For all those who want more than just the drugstore’s mush.

Who is this post for? It is for all those who want to get more out of their skin and are ready to leave the comfort zone of the drugstore. When it comes to anti-aging, the drugstore makes us fall asleep and the clocks stand still. Also because manufacturers would have to fear mass complaints if they were to use certain active ingredients in effective concentrations, because these may not feel good at first and/or cause side effects.

We have therefore been fed up with drugstore food for a long time, which in the end everyone has to decide for themselves. We are dm and Rossmann children ourselves, but we simply don’t buy skin care there anymore. Even back then, in 2013, we were still armed with a real block and pencil and were still in the drugstore, had our first handwritten checklist of active ingredients with us and wanted to see which products contained them. After hours of work and feeling a thousand pots and tubes later, Olaz and Diadermine just made it into our basket.

But today, more than 4 years later, we have quite different anti-aging treasures ready. If it’s about high-end active substances, i.e. substances whose effect has been proven and which even dermatologists use successfully over decades, you’ll like our contribution. Even old INCI hares may learn something new. Today we are also discussing which special active ingredients we still use regularly after years and how we can reconcile them all.

Fine-tuning thanks to anti-aging special active ingredients

Why so special? Why do we have to turn bathroom upside down? There used to be a piece of soap and the well-known Nivea can. We have long broken through such old patterns. Because if you know how, nobody has to look older than he is. So we can help determine how we age through coordinated skin care, potent active ingredients and a healthy lifestyle. This is superlative anti-aging.

Rough, dull, dry or oily skin? Loss of elasticity, wrinkles, sun damage, pigment spots or acne? On the other hand, several herbs (active ingredients) have grown at the same time, some of which have a lot of hum, so they don’t have to be the Holy Grail for everyone. Some of them also require a prescription.

The over-the-counter active ingredients do not need to hide behind the prescription ones in terms of their effect, they are also better tolerated by the skin, are more beautifully formulated, more elegant in their application and also slow down the aging process of the skin: and that lets us gain years in appearance. Who doesn’t want that when you know how to do it!

What special active ingredients do you need?

We have been using glycolic and salicylic acid since 2013, retinoids since 2014 and ascorbic acid since 2015 and for some time azelaic acid, which plays a subordinate role for our skin compared to the other active ingredients. We can now look back on several years of experience.

In general, the division of the active ingredients into morning and evening has proved successful for us: ascorbic acid in the morning and chemical peelings and retinoids in the evening. You can read how often we currently use them and why.

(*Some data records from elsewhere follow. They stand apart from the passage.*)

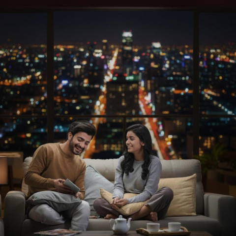 Happy Couple Sitting on Sofa Talking Wallpaper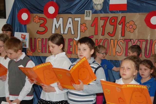 Dnia 8 maja 2013 społeczność szkoły SOKRATES uczestniczyła w apelu z okazji 222 rocznicy uchwalenia Konstytucji 3 maja. Prezentację wykonali uczniowie klasy IV pod opieką Pani A. Krzewickiej i M. Trawki.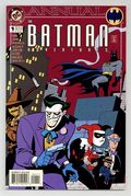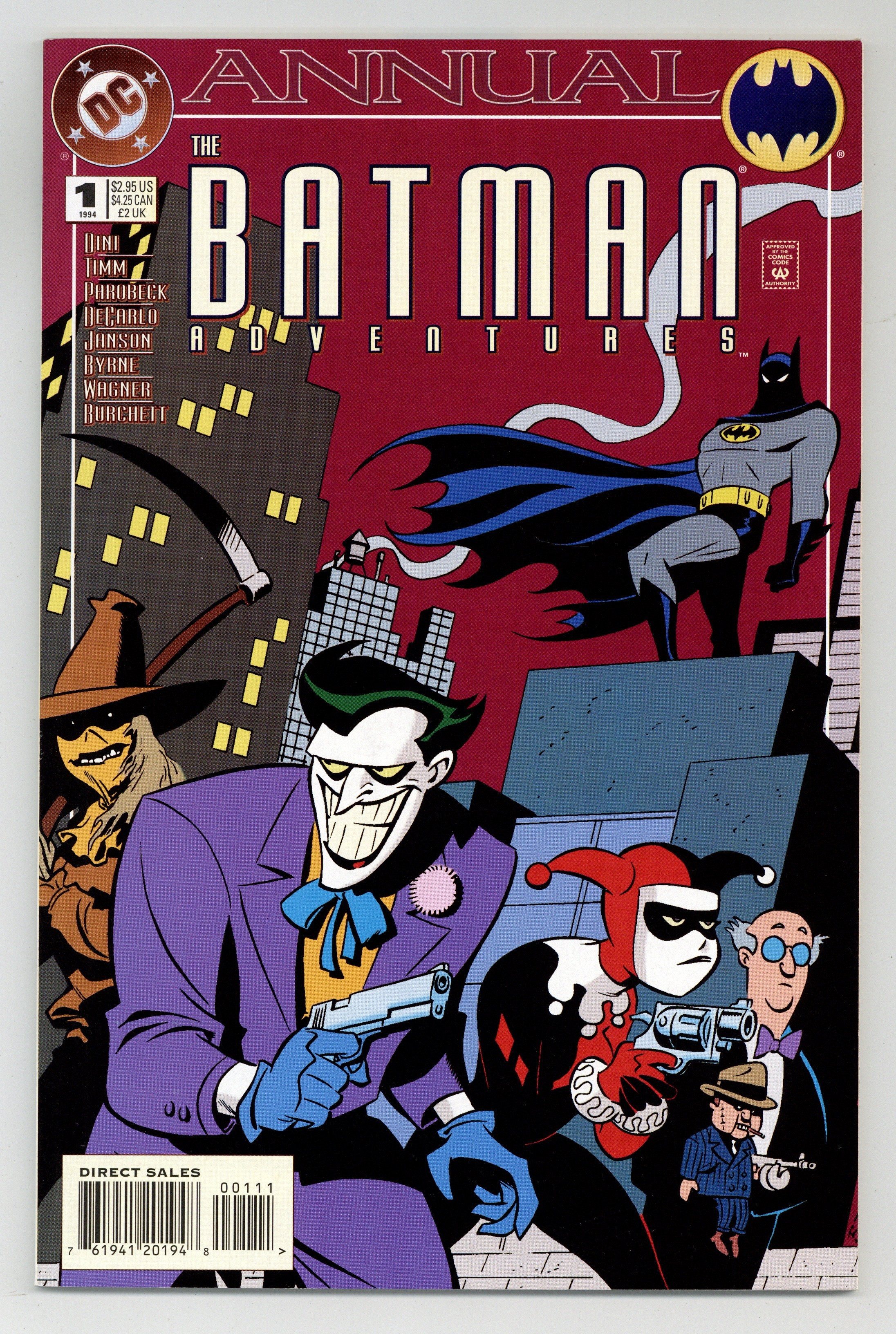 Direct Edition. Meet Roxy Rocket, a new villain facing Batman that forces him to recall times when some of his greatest foes including Harley Quinn, the Scarecrow and the Ventriloquist almost went straight. Written by Paul Dini, with art by Mike Parobeck, Bruce Timm, John Byrne, Klaus Janson, Dan DeCarlo, Matt Wagner and Rick Burchett. Cover by Timm. Cover price $2.95.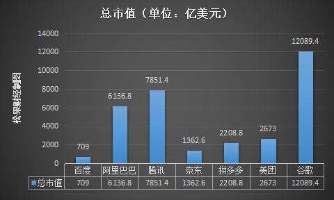 据富途牛牛统计数据显示,截至2021年1月7日,百度的总市值为709亿美元,远不及阿里巴巴、京东、拼多多、腾讯以及同为搜索引擎谷歌等公司。

Note: Which active ingredients you need in the end or not depends on whether you can tolerate the individual active ingredients, which skin problems you want to solve and which active ingredients you want to use consistently in the future to support the skin to stay fresh and crunchy, hello collagen build-up – for a beautiful and firm skin at any age!

We start with glycolic acid (AHA), our favourite active ingredient. Oh, yawn, could say die-hard readers. Yep, we’d say, because we’ve been digging up Dr. Denese, Dr. Schultz and other things worth knowing about what we’ve been doing in the last few weeks. PS: This article should be much shorter :D…

Important: Glycolic acid or retinoids or both?

The following was new territory for us: For Dr. Neal Schultz, glycolic acid has even replaced retinoids, yes, read correctly! To understand: Retinoids are the umbrella term for substances related to vitamin A. Dr. Schultz refers to the prescription variant tretinoin (vitamin A acid), which was patented in America in 1967 under the name Retin-A as an acne remedy by Dr. Kligman:

In 1967, he patented Retin-A, a vitamin A derivative known generically as tretinoin, as an acne treatment and received a new patent in 1986 after discovering the drug’s wrinkle-fighting ability. Source Washington Post, this post is also interesting Retinoids in the treatment of skin aging. Actually an acne drug, but in the early 1980s it was discovered that tretinoin also fights the effects of photoaging. Photoaging means premature skin aging due to UV radiation:

The skin ages faster than normal, resulting in (deep) wrinkles, coarser dermis, sagged, rough skin, redness and pigmentation disorders. The active ingredient was then also approved as an anti-wrinkle agent, which is only available on prescription. Since then, retinoids have been on everyone’s lips in dermatology. This is also the case in his practice. When glycolic acid came onto the market in the 1990s, he decided against retinoids and for glycolic acid.

There are good reasons why tretinoin is only available on prescription. It is much more aggressive/skin-irritating than the freely available variant retinol, which even in low doses improves the appearance of the skin and is usually very well tolerated. Tretinoin, on the other hand, can peel the skin, which is why it also serves as a peeling in dermatological practices in higher dosages (1-5% / cf. Tretinoin creams are available with 0.025%, 0.05% and 0.1%, which can already lead to stronger side effects, so also to a stronger skin flaking, ouch!).